◆ **PROBLEM DESCRIPTION**:
Extract the lines from the first one in the records below through the line containing "下面是一个精度比较高的网格,有些相邻网格的 Geohash 的值是完全不一样的。", keeping both ends and leaving out any pictures.

◆ **EXERCISE MATERIAL**:
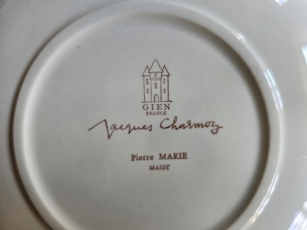 Voici une petite assiette à fromage ou à dessert issue d’un service de Gien qui a été très populaire dans les années 1950-60. Chaque assiette représente un véhicule ancien assorti d’une date. Les dessins sont signés Jacques Charmoz, un homme qui, certes, a vécu sa vie pied au plancher.
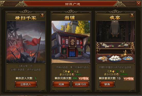 当铺是游戏中获得铜币收益最大的地方,玩家每次需要消耗一定的元宝兑换一次铜币,玩家每天可兑换铜币的次数是有限的,如果你的VIP等级越高,每天可兑换的次数也越多
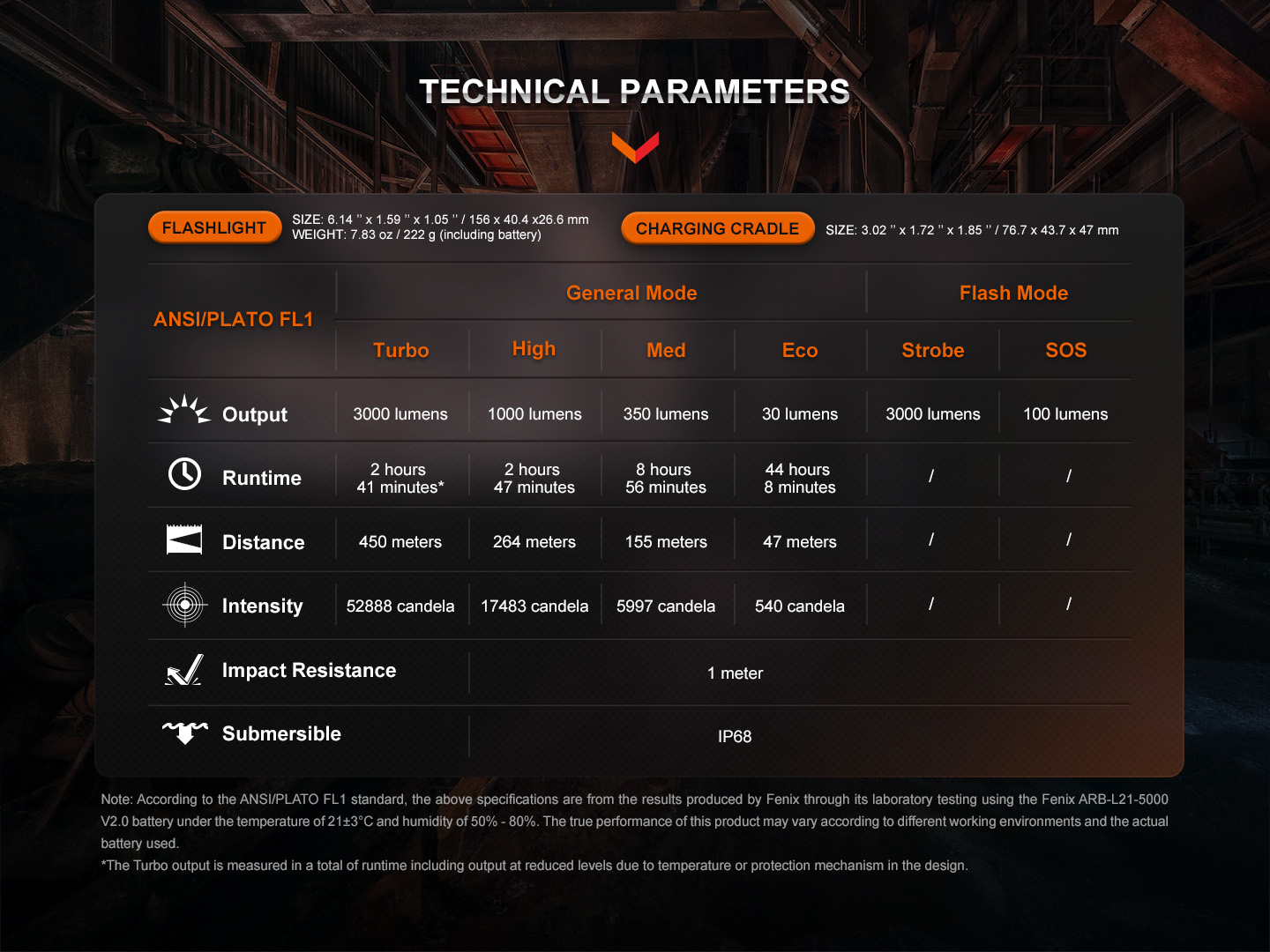 Všetky parametre svietidla (svetelný tok, doba prevádzky na batérie, vodotesnosť, dosvit a nárazuvzdornosť) sú zmerané v súlade s normou ANSI/NEMA FL 1-2009.
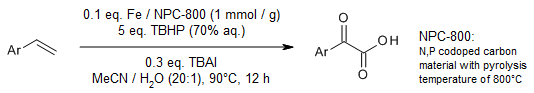 A recyclable, bifunctional iron nanocomposite catalyzes an efficient synthesis of α-keto acids via oxidation of alkenes using TBHP as oxidant. A variety of alkenes with different functional groups were smoothly oxidized into their corresponding α-keto acids in good yields.
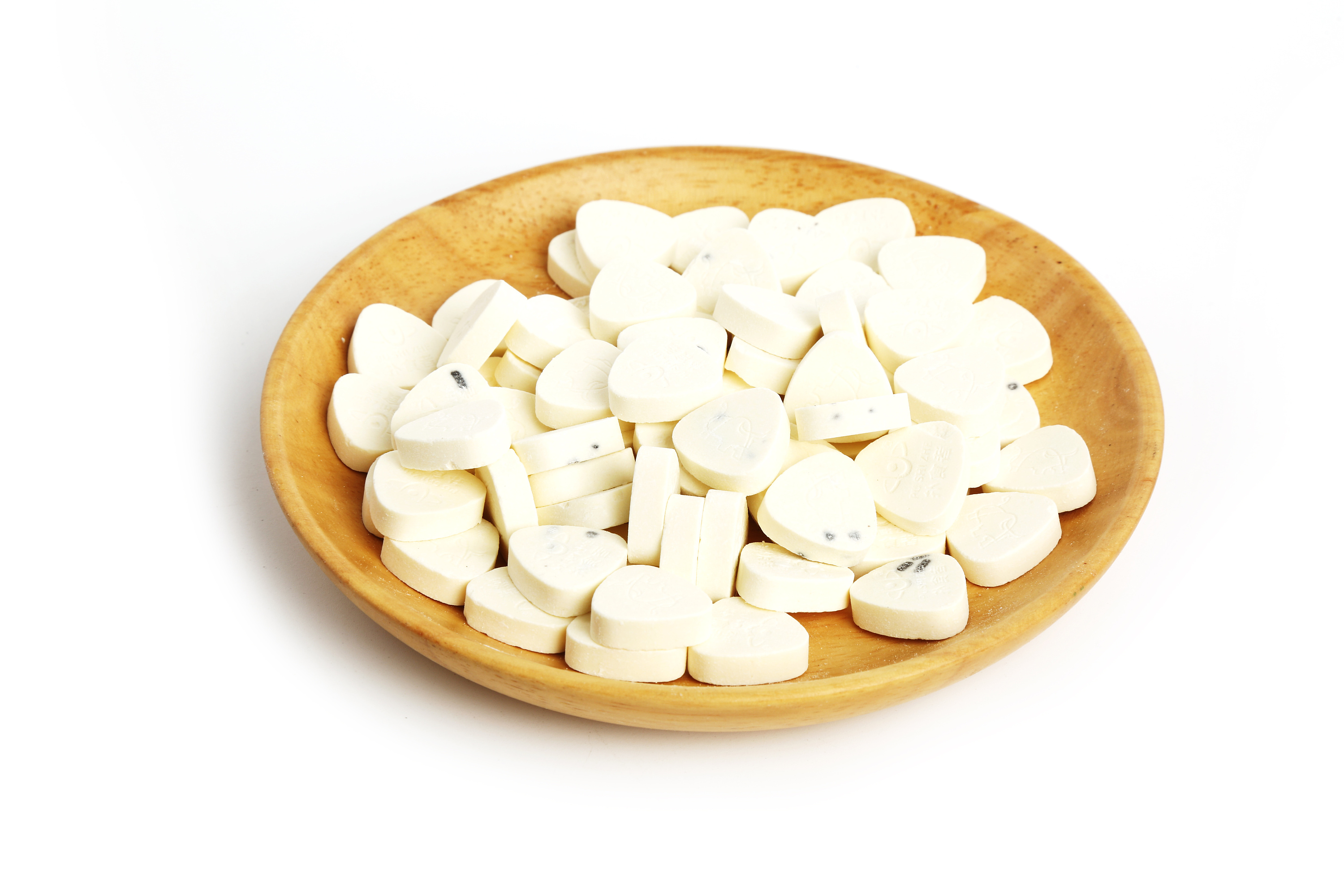現(xiàn)在市售的奶片有許多種,比如奶酪片、羊奶片、牛奶片、奶球、酸奶干、奶味奶酪、牛初乳奶貝和奶酥等。這些產(chǎn)品五花八門,大都以地方特產(chǎn)的身份在市場(chǎng)上銷售。然而仔細(xì)看看配料表就會(huì)發(fā)現(xiàn),除了“奶粉”、“白砂糖”,“植脂末”、“酸味劑”、“甜味劑”、“香精”等添加劑也赫然在列。
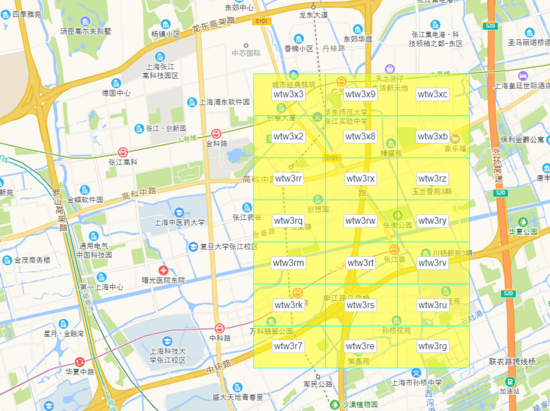 下面是一个精度比较高的网格,有些相邻网格的 Geohash 的值是完全不一样的。
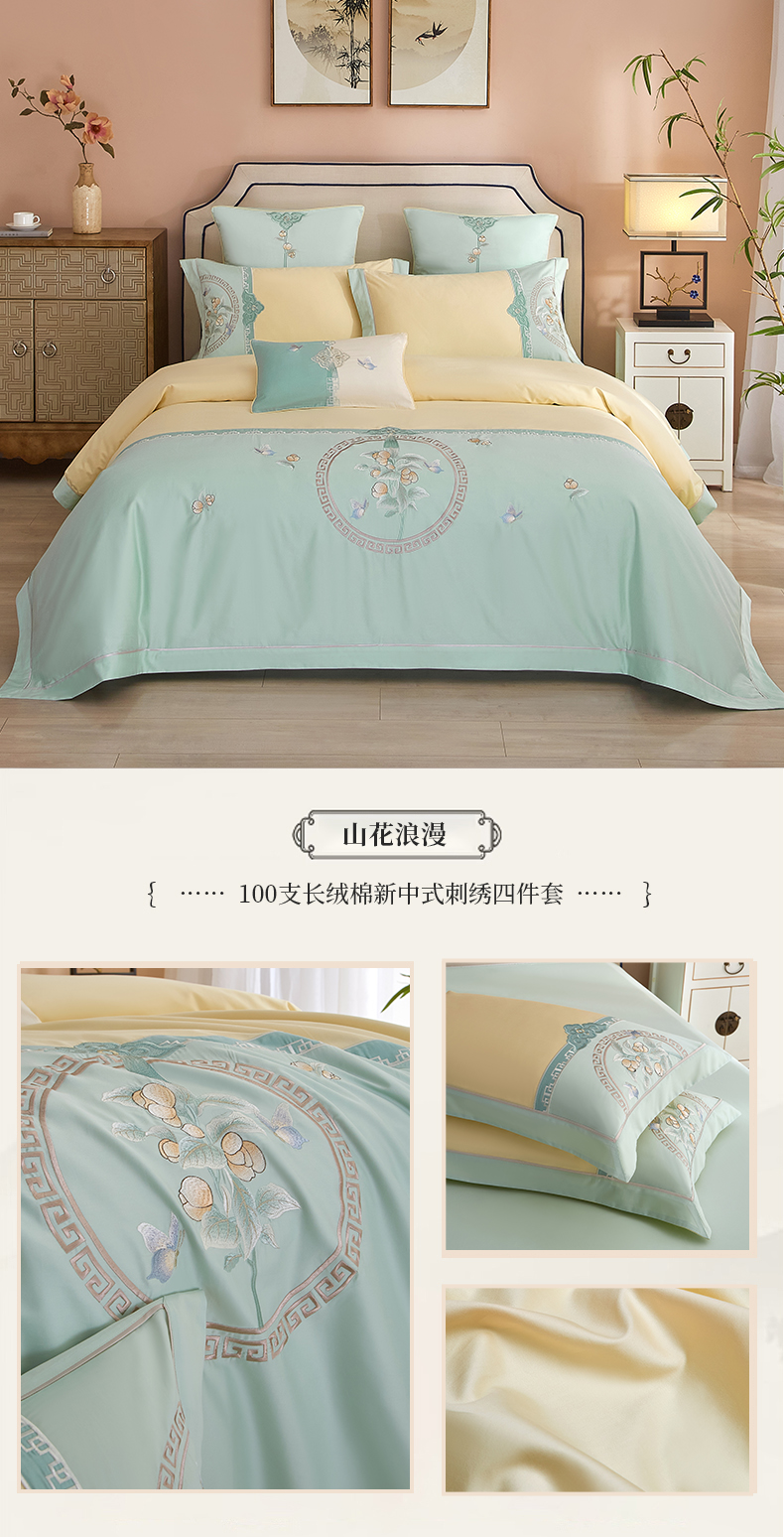 商品名称:【2024】50S50支澳棉刺绣长绒棉四件套全棉新中式花卉直播爆款线下批发 山花浪漫
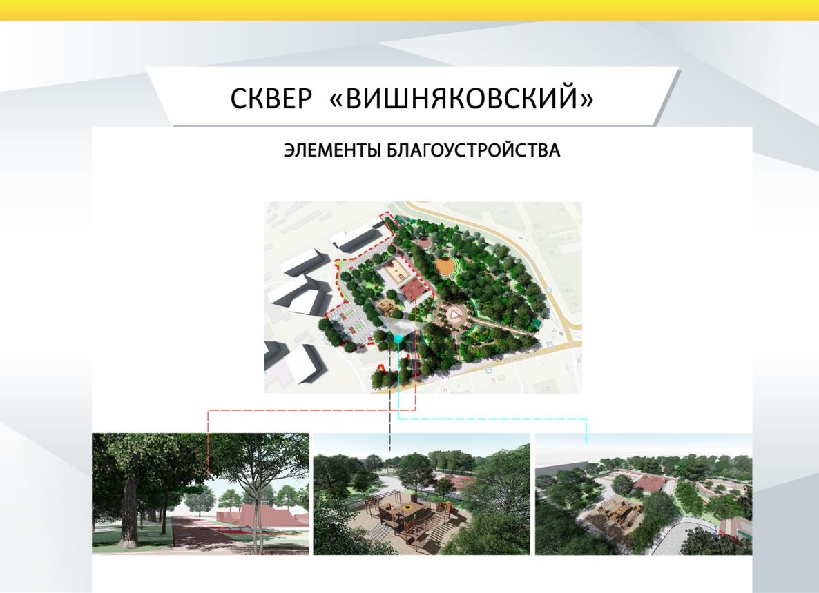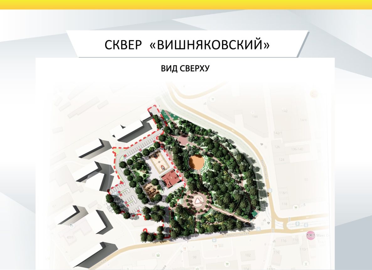 Первую очередь сквера на Вишняковой реконструировали в 2017 году. На территории около 1,6 га создали сеть пешеходных дорожек, установили лавочки, детскую площадку и систему автоматического полива, обновили стелу. Тогда же сообщалось, что мэрия занимается вопросом передачи соседнего участка площадью 1 га в муниципальную собственность для дальнейшего расширения сквера.
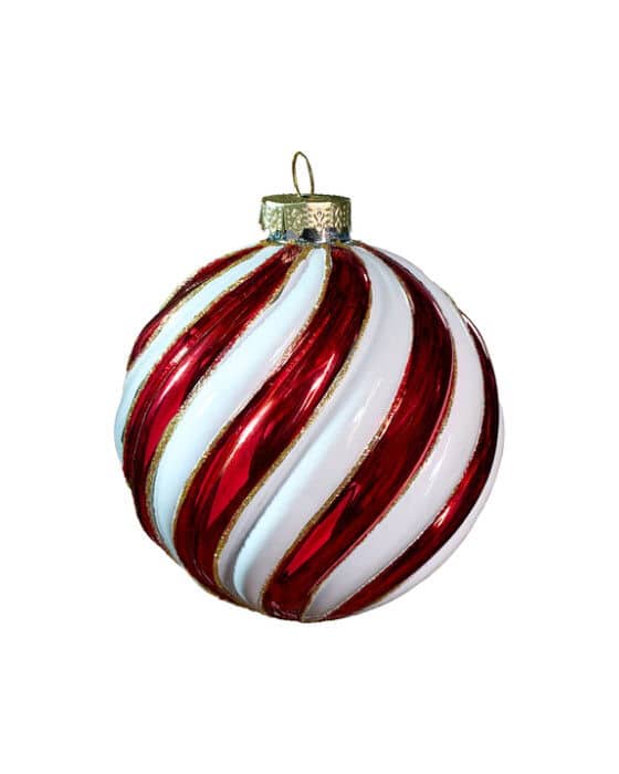 Tidløs og klassisk julekugle af glas. De røde og hvide striber afspejler julens mest ikoniske farver, og de guldglitrende detaljer giver julekuglen en magisk finish. Udvid din samling af juletræspynt med denne smukke, traditionelle julekugle.

◆ **EXERCISE OUTPUT**:
 Voici une petite assiette à fromage ou à dessert issue d’un service de Gien qui a été très populaire dans les années 1950-60. Chaque assiette représente un véhicule ancien assorti d’une date. Les dessins sont signés Jacques Charmoz, un homme qui, certes, a vécu sa vie pied au plancher.
 当铺是游戏中获得铜币收益最大的地方,玩家每次需要消耗一定的元宝兑换一次铜币,玩家每天可兑换铜币的次数是有限的,如果你的VIP等级越高,每天可兑换的次数也越多
 Všetky parametre svietidla (svetelný tok, doba prevádzky na batérie, vodotesnosť, dosvit a nárazuvzdornosť) sú zmerané v súlade s normou ANSI/NEMA FL 1-2009.
 A recyclable, bifunctional iron nanocomposite catalyzes an efficient synthesis of α-keto acids via oxidation of alkenes using TBHP as oxidant. A variety of alkenes with different functional groups were smoothly oxidized into their corresponding α-keto acids in good yields.
現(xiàn)在市售的奶片有許多種,比如奶酪片、羊奶片、牛奶片、奶球、酸奶干、奶味奶酪、牛初乳奶貝和奶酥等。這些產(chǎn)品五花八門,大都以地方特產(chǎn)的身份在市場(chǎng)上銷售。然而仔細(xì)看看配料表就會(huì)發(fā)現(xiàn),除了“奶粉”、“白砂糖”,“植脂末”、“酸味劑”、“甜味劑”、“香精”等添加劑也赫然在列。
 下面是一个精度比较高的网格,有些相邻网格的 Geohash 的值是完全不一样的。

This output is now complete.